Thanks to the authors for the rebuttal and point-by-point response. The authors claried why novelty concerns should be minimized. However, concerns about the evaluation on real-world tomograms remain unresolved. The authors avoided comparison with DeepETPicker and CrYOLO, citing that these are not universal pickers, unlike their method. Yet, if ProPicker is truly universal, it raises questions about its inability to pick FAS in S. pombe, where yeast FAS is approximately 1 MDa. This suggests that the "universal picking" capability may be limited to simulated datasets, which are inherently less complex and do not fully represent real tomograms' challenges.
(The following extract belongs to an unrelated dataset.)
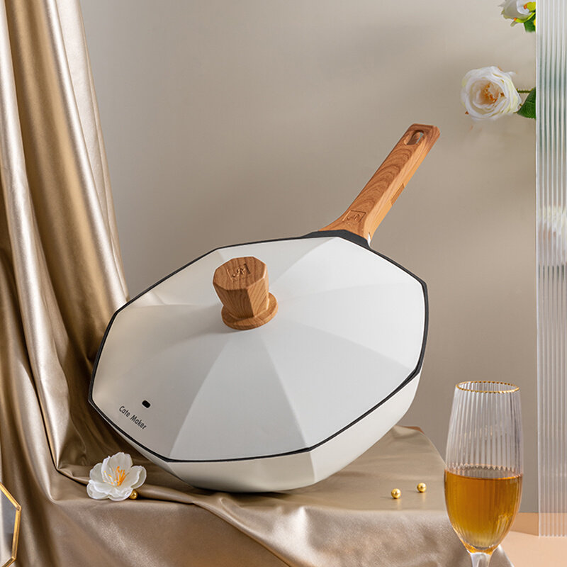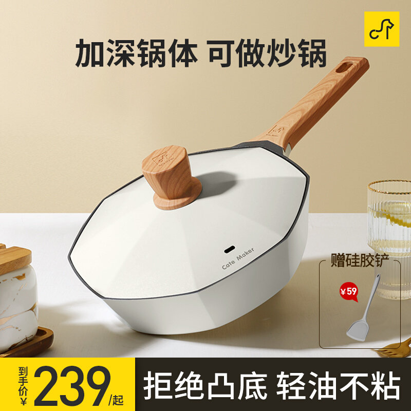 卡特马克枫叶不粘锅家用炒锅白色六角炒菜锅电磁炉燃气灶平底锅

Additionally, the F1 score for ribosome prediction in EMPIAR-10988 lacks clarity. While the response mentions an F1 score of 0.61, the revised manuscript states it as the "best-case" F1 score. The definition of "best-case" remains ambiguous. Another concern is the use of only defocus tomograms, despite VPP tomograms being better suited for particle picking. The dataset contains 10 VPP tomograms and 10 defocus tomograms, but it is unclear whether results are reported for a single tomogram or averaged across all 10. Finally, subtomogram averaging results are notably absent. For practical applications in biology, methods should prioritize yielding particles that result in higher-resolution subtomogram averages, rather than focusing solely on fast inference that compromises final resolution. Given these concerns, the initial rating remains unchanged, as the evaluation and application perspectives still require significant improvement.